项目名称: 高维数据的假设检验
项目编号: No.11271031
项目类型: 面上项目
立项/批准年度: 2013
项目学科: 数理科学和化学
项目作者: 王汉生
作者单位: 北京大学
项目金额: 50万元
中文摘要: 在实际研究工作中,人们碰到的高维数据越来越多,而相应的统计方法的发展相对滞后。在过去的5-10年里,高维数据的变量选择方法获得了很大的发展,而在假设检验方面却建树甚微。这恰恰是最近一两年刚刚兴起的研究前沿。本课题将根据现有的研究以及文献进展,在以下各个方面做重要且深入的贡献:(1)考虑在因子结构下的超高维假设检验问题,而现有的结果都假设无因子结构;(2)考虑高维部分检验(Partial Test),而现有的结果都只考虑了全局检验(Global Test);(3)考虑高维数据挖掘方法的假设检验(例如:Na?ve Bayes),而现有的结果只考虑了经典的回归或者多元模型;(4)考虑大规模网络数据(Network Data)的假设检验问题,而现有的结果都基于独立同分布假设。本课题的成果将极大地丰富并发展现有的高维假设检验理论。
中文关键词: 超高维数据;假设检验;因子模型;网络结构;朴素贝叶斯
英文摘要: In real practice, high dimensional data are becoming increasingly available. In contrast, relevant statistical methods are not well developed. During the past 5-10 years, much progress has been made for high dimensional variable selection methods. However, much less has been done for corresponding testing problems.
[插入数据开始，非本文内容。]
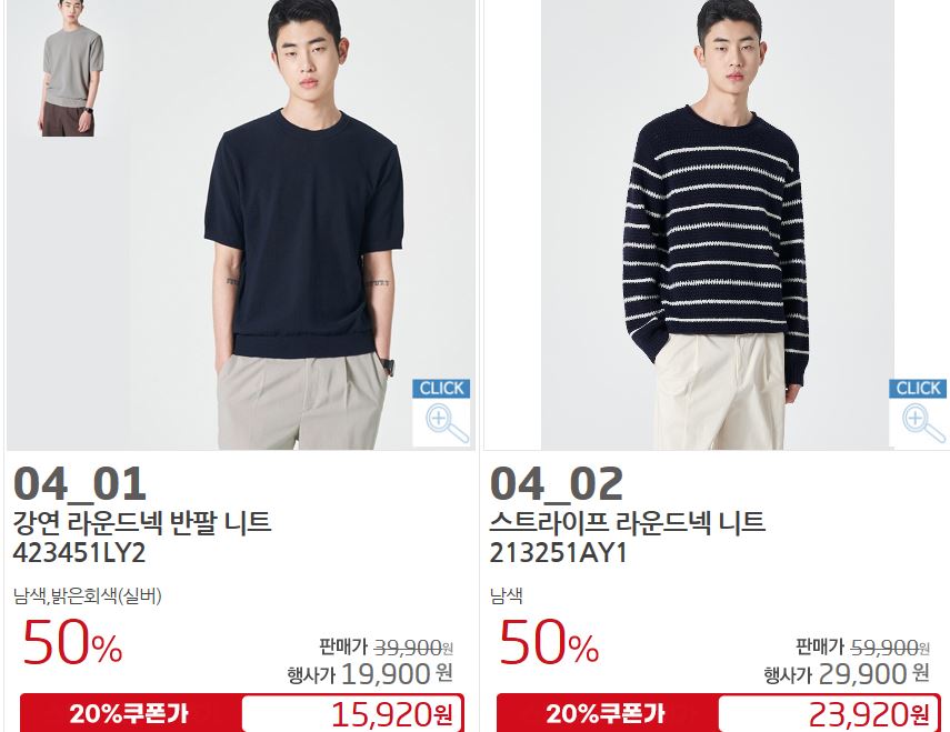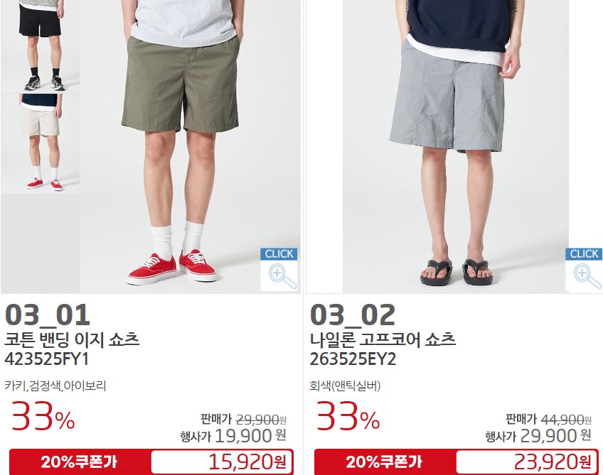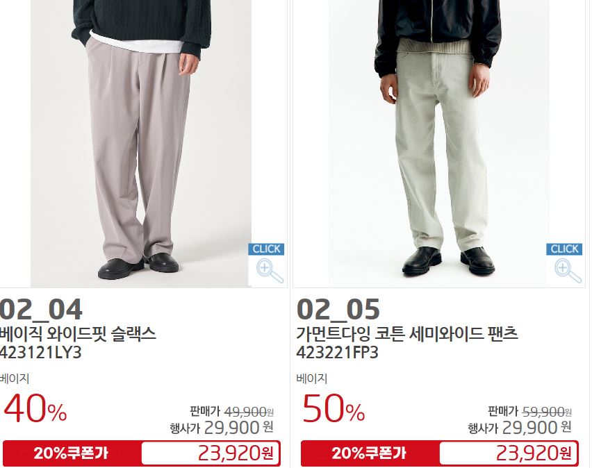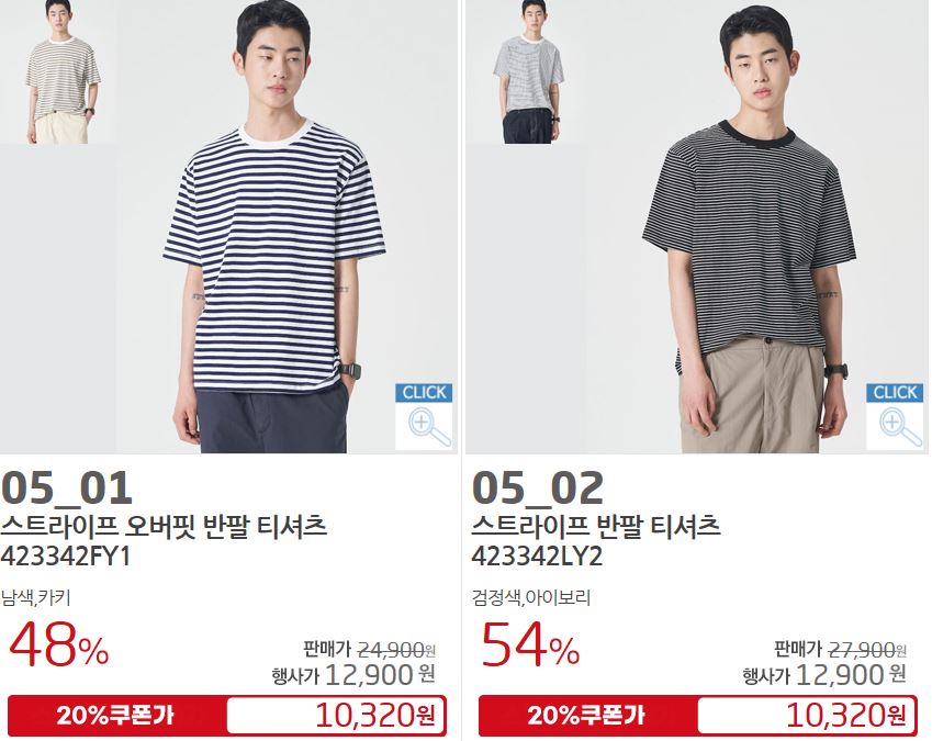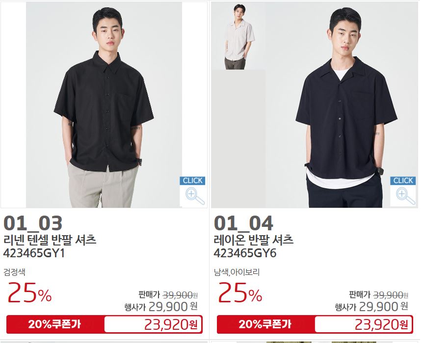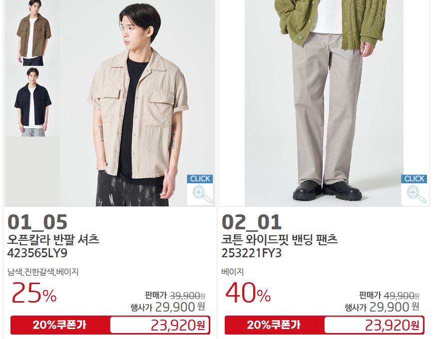 할인 품목 : 티셔츠, 팬츠, 셔츠 등

This happens to be one of the most frontier research topics in the past one or two years. Based on the current research and literature progress, this study intends to make important and further contributions on the following perspectives: (1) ultra high dimensional data analysis with a factor structure (most current results are based on non-factor structures); (2) high dimensional partial tests (most existing methods are for global tests); (3) high dimensional data mining methods (past studies mainly considered classical regression or multivariate models); and (4) large scale network data (most existing literatures are based on independent assumptions). As a result, the outputs of this study would further enrich the theory of high dimensional testing substantially.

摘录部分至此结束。